Monday, Nov. 14, 1955
Love Life of a Genius
THREE LOVES OF DOSTOEVSKY (300 pp.)--Marc Slonim--Rinehart ($4).
"Note Dostoevsky's helplessness when confronted with love," said Freud. "He understands either coarse animal desire or masochistic submission, or else love out of pity." In his readable, reasonable, slice-of-love-life study of the great Russian novelist, Author Slonim, Russian-born teacher and critic, documents this Freudian analysis in detail. Avoiding sweeping generalizations, Slonim suggests that some of the grit in the oyster of Dostoevsky's genius was put there by women.
Sweet Tea in Siberia. As a youngster, Fyodor was never allowed out with girls, and at his first sniff of a perfumed beauty in a St. Petersburg salon, he keeled over in a dead faint. He did better with the town doxies (later he even hinted darkly that he once raped a little girl), but it was not until after he had been jailed and exiled to Siberia as a subversive that he met his first major love.
Maria Isaeva was blonde, thin, neurotic and married. Her drunken clod of a husband was controller of the distillation and sale of liquor in Semipalatinsk, the Siberian border town to which Dostoevsky was sent as an army private after his release from prison. Soon the smitten 33-year-old soldier and the sensitive lady were holding hands and crying into each other's sweet tea while hubby sprawled in a drunken stupor on the divan. After Isaev died, they were married. But Maria was frigid, and Dostoevsky was soon complaining: "We're living so-so . . . The heart will wither. I am quite alone."
He was soon not so alone. A redheaded "she-nihilist" with blue spectacles, bobbed hair and romantic ideas threw herself at the feet of the literary master, and tripped him. Apollinaria Suslova was a 22-year-old intellectual spitfire of the New Woman breed. Chasing after her to Western Europe, Dostoevsky was desolated to learn that within less than a month she had taken up with and been thrown over by another man. He begged to travel with her "like a brother." Apollinaria agreed, and vengefully parried all his advances. Years later, she described how the nightly sexual tragicomedy would end: "Fyodor Mikhailovich again turned everything into a joke and, as he was leaving me, said that it was humiliating for him to leave me like that (this was at 1 in the morning; I was lying undressed in bed). 'For Russians have never fallen back.' "

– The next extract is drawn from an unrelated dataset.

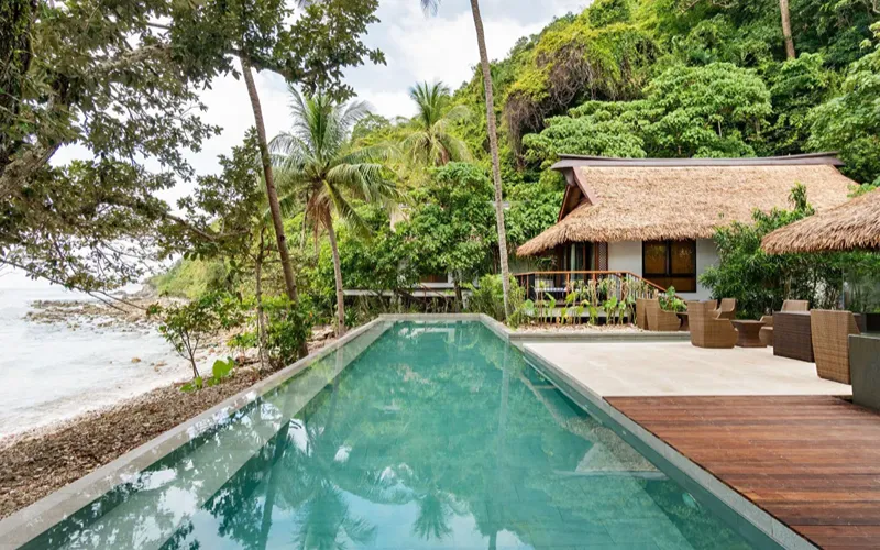 Pangulasian Island Resort, part of the award-winning El Nido Resorts group founded in 1979, stands out as the most luxurious eco-luxury hideaway in the Philippines’ Palawan archipelago. This 5-star private island retreat blends contemporary Filipino architecture with sustainable “green” design principles, offering 42 spacious villas perched between a pristine white-sand beach and lush tropical forest.

After months of this, Dostoevsky fell all the way back to Russia, in time to see his wife waste away and die of TB. An ash-blonde, 20-year-old stenographer named Anna Snitkina, who came to take dictation for The Gambler and Crime and Punishment, stayed on to become the second Mrs. Dostoevsky, and his last and greatest love.
The almost demonic role that sex played in Dostoevsky's private life stands in fantastic contrast to the idea of renunciation and Christlikeness which he presented in his Alyoshas and Prince Myshkins. His great sinners, like Stavrogin, Dostoevsky could research from himself; for his saints he could only desperately search. In his own eyes, the closest thing to a saint he knew was Anna. She seemingly never shuddered before the jealous rages of an epileptic more than twice her age, nor before the acts of sadism and foot-fetishism which had horrified Maria and disgusted Apollinaria. Turning to Anna during his final illness, he asked her to read to him at random from the Bible. She obeyed: "And Jesus answering said unto him, Suffer it to be so now: for thus it becometh us to fulfil all righteousness."
"There, you hear that," said Dostoevsky. " 'Suffer it to be so now'--that means I am going to die," That evening, Jan. 28, 1881, the life of a genius came to an end.